Minuscule 501
- Text: Gospels †
- Date: 13th-century
- Script: Greek
- Found: 1834
- Now at: British Library
- Size: 24.2 cm by 19.2 cm
- Type: Byzantine text-type
- Category: V
- Note: full marginalia

= Minuscule 501 =

Minuscule 501 (in the Gregory-Aland numbering), 588 (in the Scrivener's numbering), ε 324 (in the Soden numbering), is a Greek minuscule manuscript of the New Testament, on parchment. Palaeographically it has been assigned to the 13th-century.
The manuscript was adapted for liturgical use. It is lacunose.

== Description ==

The codex contains the text of the four Gospels on 157 parchment leaves (size ) with some lacunae (Luke 9:14-17:3; 21:15-24:53; John 1:1-18). Some texts were supplied by a later hand (Matthew 1:1-20; Mark 1:1-16; Luke 1:1-20; John 1:38-4:5).

The text is written in one column per page, 23 lines per page.
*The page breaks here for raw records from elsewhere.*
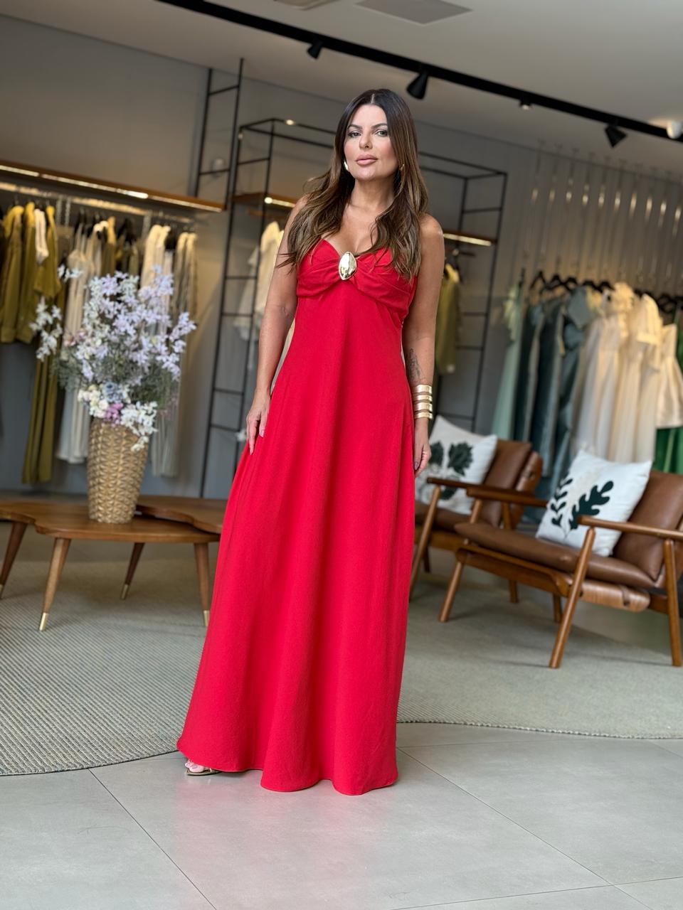 Vestido vermelho superfluído, com caimento leve e movimento elegante. Possui alças removíveis, podendo ser usado como tomara que caia para um visual ainda mais sofisticado. Destaque para a fivela frontal que adiciona charme moderno à peça. Com bojo para maior sustentação e conforto, é um modelo atemporal, ideal para ocasiões especiais ou produções estilosas do dia a dia.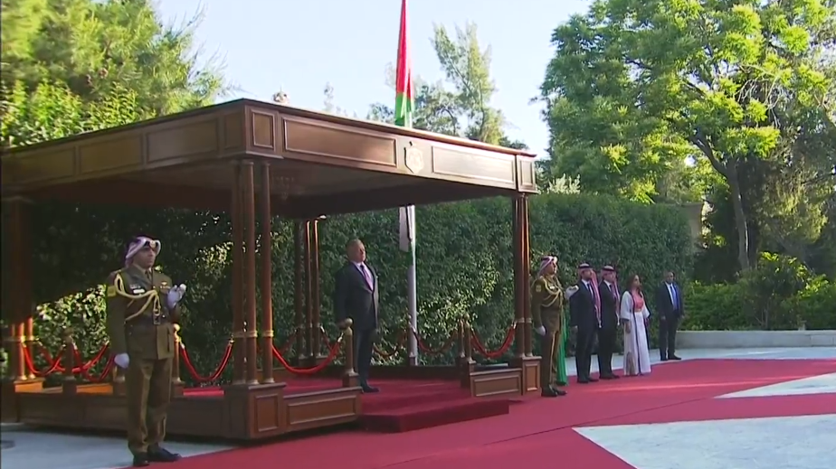 ولدى وصول جلالة الملك إلى موقع الحفل محاطا بالموكب الأحمر، أطلقت المدفعية 21 طلقة تحية لجلالته، فيما استعرض جلالته حرس الشرف الذي اصطف لتحيته، وعزفت الموسيقى السلام الملكي.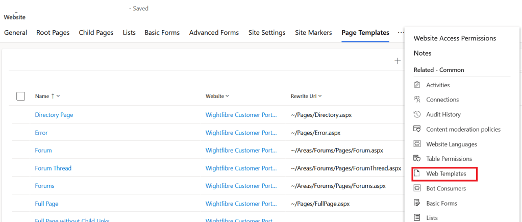 Step 2: Open the web template and select the webpage where the table is (if you don’t find the template of your page in web templates, just check in the page template section).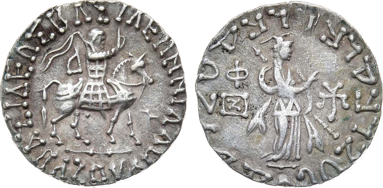 Серебро. 9,57г. Аверс: изображение царя на коне с поднятой правой рукой и с хлыстом - в левой; круговая легенда. Реверс: круговая легенда; изображение идущей вправо Афины с копьём. Senior 98.428; MIG 848g corr. (Azes II). AU.

The text is divided according to the κεφαλαια (chapters), whose numerals are given at the margin, and some τιτλοι (titles of chapters) at the top of the pages. There is also a division according to the smaller Ammonian Sections (in Mark 233 sections - the last in 16:19), (without references to the Eusebian Canons).

The tables of the κεφαλαια (tables of contents) are placed before every Gospel, and lectionary markings at the margin (for liturgical use).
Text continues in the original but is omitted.